WWE owns the rights of World War 3 since the sale of WCW and its trademarks in 2001. In February 2021, all WCW pay-per-views were made available on the WWE Network.

Rules
The rules for a World War 3 match were similar to the rules for a traditional battle royal match:

All sixty men were randomly assigned a specific ring before the match began.
The match began with all sixty men, in three rings, when the bell rings. Each ring was assigned a number. From left-to-right on the TV screen ring #1 was on the left, ring #2 was the center ring and ring #3 was on the right.
Originally, in order to be eliminated from the match a wrestler had to be thrown over the top rope and have both feet touch the floor. This rule was amended in 1997 to allow for eliminations if a person leaves the ring in any way. In 1998 the rule was amended again to allow the counting of pinfalls and submissions for eliminations.
When 10 men remained in ring #1 or ring #3 they moved to ring #2 and the match continued.
This rule was amended in 1997 so that the competitors had to move to the central ring once forty men had been eliminated.
The last man standing in the ring was declared the winner.

The inaugural World War 3 match was contested for the WCW World Heavyweight Championship, which had been stripped from The Giant due to the outcome of his match with Hulk Hogan at Halloween Havoc in October 1995. In subsequent years the winner of the match became the #1 contender to the World Heavyweight Championship. Initially the winner got to pick which pay-per-view he would face the champion at, but this changed for the 1997 and 1998 matches to a set pay-per-view.

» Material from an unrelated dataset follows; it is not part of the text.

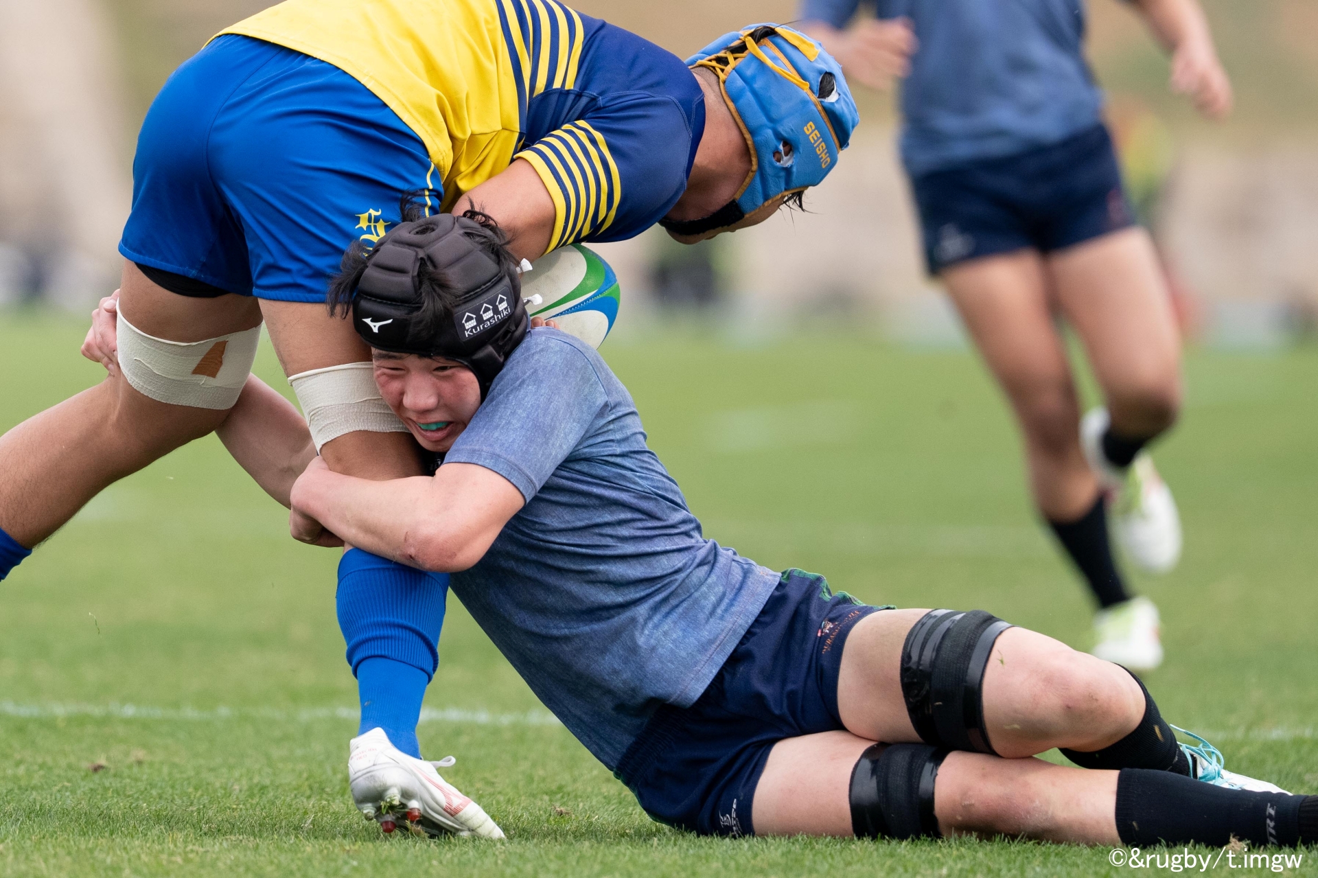 その後は倉敷の粘り強いディフェンスに阻まれ、得点が動かない時間帯が続いたが、前半21分の11番・齊藤稀茶選手がフィニッシュすると、ここから一気に流れを引き寄せる。立て続けに3トライを奪い、26-0と大きなリードで前半を終えた。

Dates, venues, winners, and main events

Championship match for winner
 – Championship victory
 – Championship match loss

Date discrepancy on VHS packaging
WCW released the World War 3 events on home video the following year, with the packaging for the first three releases reflecting the year that the video was released and not the year that the actual event took place, e.g. the 1995 broadcast of World War 3 was released on VHS as World War 3 '96. The cover for the 1999 release of the final 1998 event did not show a date.

Offshoots
On the July 1, 2022 episode of AEW Rampage, All Elite Wrestling held its first Royal Rampage match, which would include a battle royal involving more than one ring, in this case two rings, and 20 competitors, with the winner one contender for the AEW World Heavyweight Championship.